McCurry attended Penn State, graduating in 1974 before working at a small town newspaper in Pennsylvania for two years. He left in 1978 to begin his journey as a freelance photojournalist in India. This would mark the start of a career that would span six continents and record innumerable iconic moments that have defined conflict photojournalism for the 20th century.
The first warzone McCurry photographed was in Afghanistan. After smuggling himself across the Pakistani border, McCurry took now-iconic photos of the Soviet invasion of Afghanistan. He smuggled rolls of film by sewing them into his clothing. These images, full of intense colors and imagery, would be published by The New York Times, Time, and Paris Match. That year, 1980, he won the Robert Capa Gold Medal for Best Photographic Reporting from Abroad.

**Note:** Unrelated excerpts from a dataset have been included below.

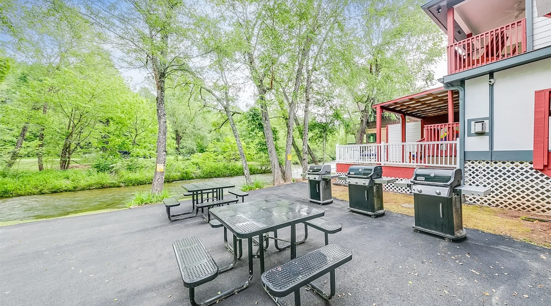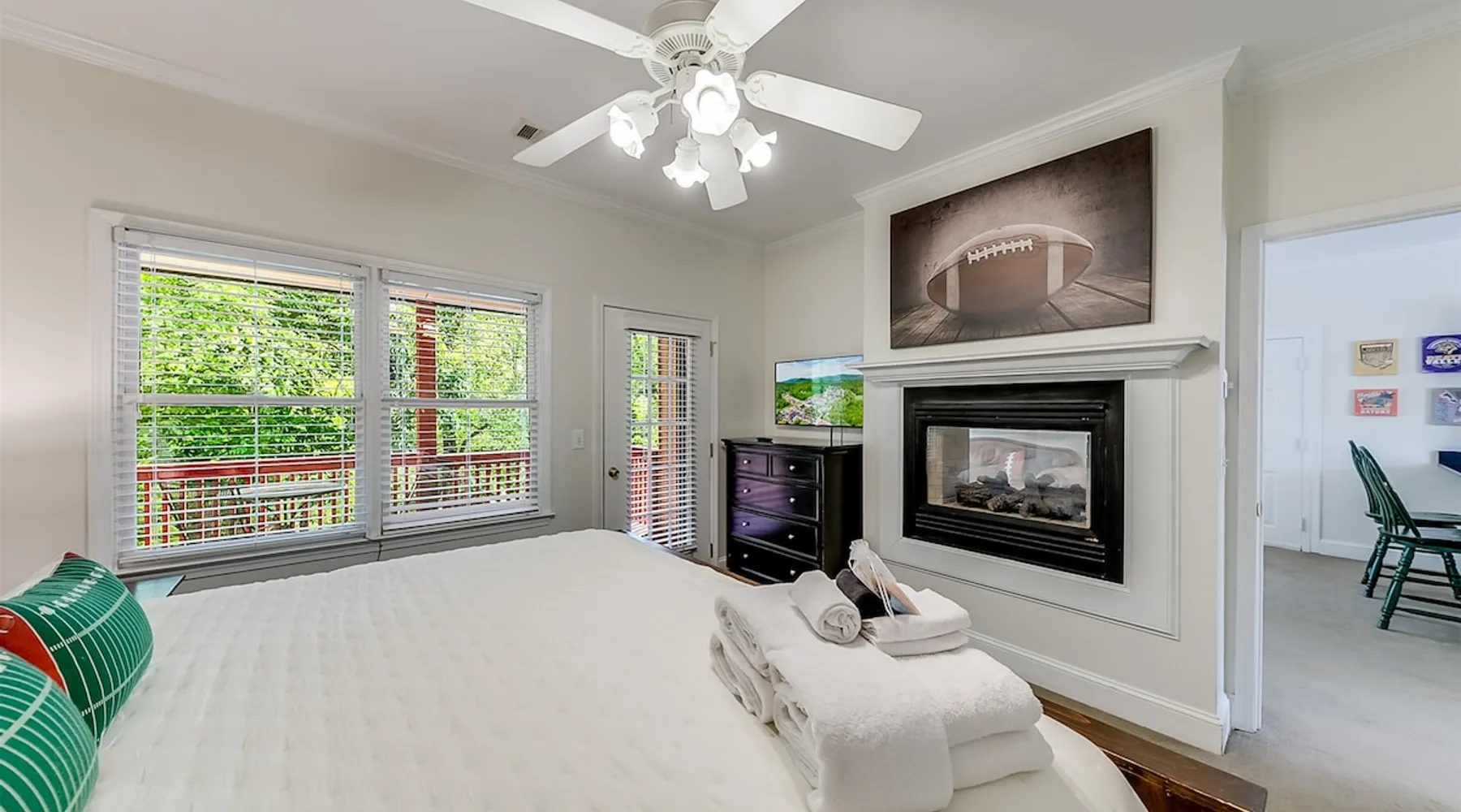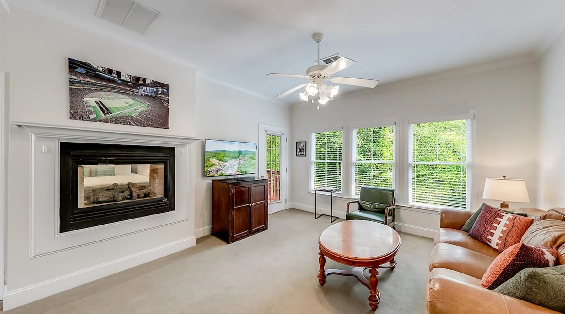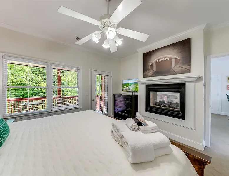 Enjoy this cozy riverside condo minutes away from everything Helen has to offer. You are in the heart of all Helen has to offer. In the summer, you can walk to the access location for the Chattahoochee River Tubing. When you get back from tubing, grab a bite at the North Georgia BBQ on your way back to the condo, or choose from one of the many other restaurants nearby. The space This is it: your perfect Helen vacation spot! Cozy SEC Football themed condo located near downtown Helen overlooking the beautiful Chattahoochee River, you are close to everything at this condo. You can easily walk to Downtown Helen as it's about 1 mile. You are in the heart of all Helen has to offer. In the summer, you can walk to the access location for the Chattahoochee River Tubing. When you get back from tubing, grab a bite at the North Georgia BBQ on your way back to the condo, or choose from one of the many other restaurants nearby. Sit out on the deck and enjoy the peacefulness as you watch the river flowing by. Grill out on the provided grill while you enjoy a glass of wine from one of our local wineries. There is so much to see and do in Helen. For the kids (and adults), there is the Alpine Coaster and several locations to play mini golf. Enjoy strolling the streets of Helen - whatever the season - and do some shopping or grab a funnel cake. Helen is a great location for family fun anytime of year. Come & visit during Oktoberfest where you can try German foods & beer, listen to authentic German music, and have the time of your life. If you prefer to enjoy nature and the more serene side of the area, there are some amazing hiking trails around Helen and outstanding waterfalls: Anna Ruby Falls near Unicoi State Park, Duke Creek Falls, or Raven Cliff Falls. There is something for everyone in Helen; make it your next vacation! Living Room - Double-Sided Fireplace with Gas Logs - Smart TV with Streaming Capability (sign-in with your own accounts) - Leather Couch - Recliner - Views of Chattahoochee River - Easy Access to Deck Kitchen & Dining Area - Essentials Provided - Refrigerator & Freezer - Microwave - Stove & Oven - Dishwasher - Drip Coffee Maker - Coffee Mugs - Glasses - Silverware - Dishware - Toaster - Dining Table Bedroom - King Bed - Double-Sided Fireplace with Gas Logs - Smart TV with Streaming Capability (sign-in with your own accounts) - Dresser - Easy Access to Deck Bathroom - En Suite - Essentials Provided - Stand In Shower - Stacked Washer / Dryer Deck - Overlooks Chattahoochee River - Patio Table - BBQ Grill (shared at the common area by the river) Guest access Guest has access to the entirety of the suite. Other things to note 25+ age requirement for lead guest. No exceptions. This property is not pet-friendly. No exceptions. Digital rental agreement will be required to sign and complete after property is booked. This is a 2nd-level unit. Parking available for 2 vehicles.
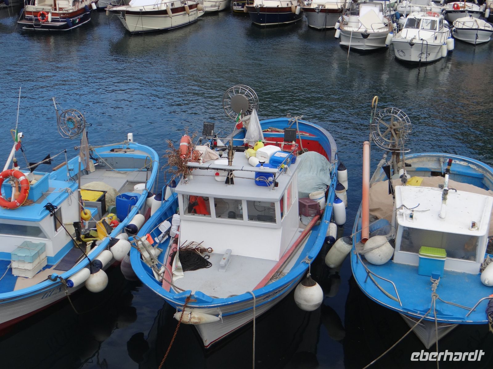 Dann erreichen wir Marina Grande, den Hafen der Insel. In der Hochsaison besuchen 20.000 Tagestouristen die Insel, 5.000 pendeln täglich für die Arbeit zwischen Festland und Insel. 12.000 Einwohner hat Capri. Viele finden hier keine Wohnung und sind gezwungen, aufs Festland zu ziehen. Die Situation kennen wir von Sylt.
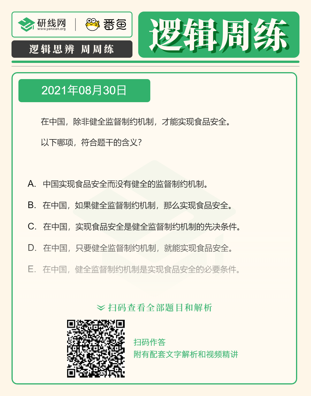 2022考研邏輯備考:8月30日邏輯專項練習及答案
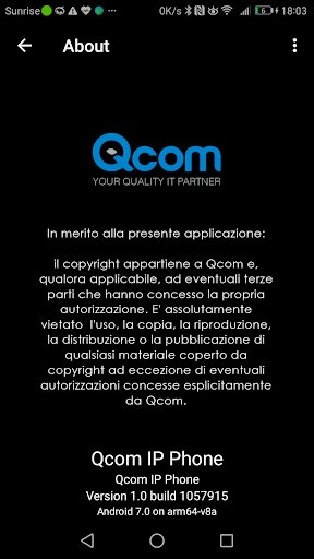 "QCOM IP-Phone" adalah ponsel lunak berbasis telepon Internet yang memungkinkan Anda menerima dan melakukan panggilan pada ponsel cerdas Anda. Koneksi dibuat ke sistem switching hosted yang didedikasikan dari QCOM. Aplikasi ini memungkinkan panggilan VoIP dan jaringan dan dukungan WiFiBerbagai jenis codec.
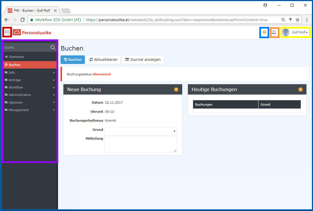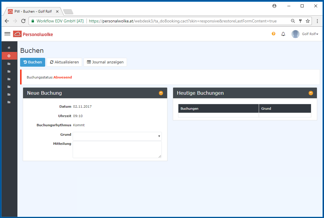 Die Startseite der Personalwolke Webdesk Software zeigt einige Status-Informationen zu dem eingeloggten Benutzer und bietet die Möglichkeit sich mittels Klick auf sofort einzubuchen (das heißt die Zeiterfassung zu starten; Kommen-Buchung) - ein reiner Login reicht für eine Kommen-Buchung NICHT aus! The welcome page of the Personalwolke Webdesk software shows some status information about the logged in user and offers the possibility to log in immediately by clicking on Book (i.e. to start the time recording; Come booking) - a pure login is NOT sufficient for a Come booking!
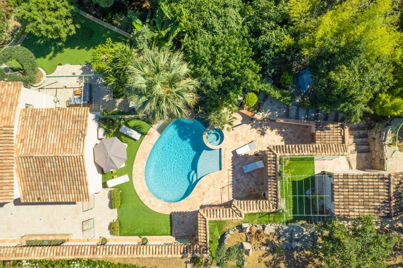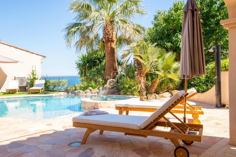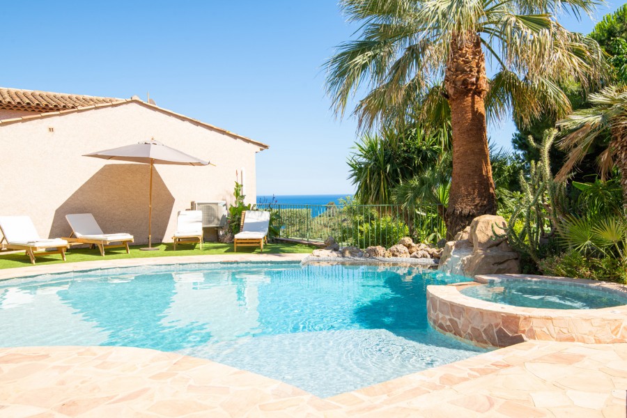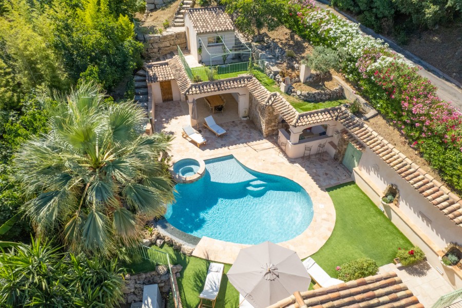 Schlafzimmer 3 und 4 verfügen jeweils über ein Doppelbett (160x200) sowie ein eigenes Badezimmer (Waschbecken und Dusche). Alle drei Schlafzimmer haben Zugang zu einer Terrasse, dem Garten und dem höher gelegenen Pool durch Terrassentüren.

December of 1984 would bring us the defining image of Steve McCurry, Afghan Girl. McCurry traveled to a refugee camp in Pakistan where he met Sharbat Gula in a one-room school for girls. "I noticed this one little girl with these incredible eyes, and I instantly knew that this was really the only picture I wanted to take," McCurry said in an interview. It was the first time the girl had ever been photographed.
This striking image is now an indelible part of our collective history. Used on the cover of National Geographic for the June 1985 issue, Afghan Girl has also been used on Amnesty International brochures and posters, humanizing the cost of conflict in a way that is both beautiful and haunting. This image has been called “the most recognized photograph” in the history of National Geographic.
It is through Afghan Girl that we can see the lens with which McCurry views the world, subjects as people rather than as political movements. It is why McCurry’s work transcends traditional photojournalistic work to become art.
“Most of my images are grounded in people,” says McCurry. “I look for the unguarded moment, the essential soul peeking out, experience etched on a person’s face. I try to convey what it is like to be that person, a person caught in a broader landscape, that you could call the human condition.”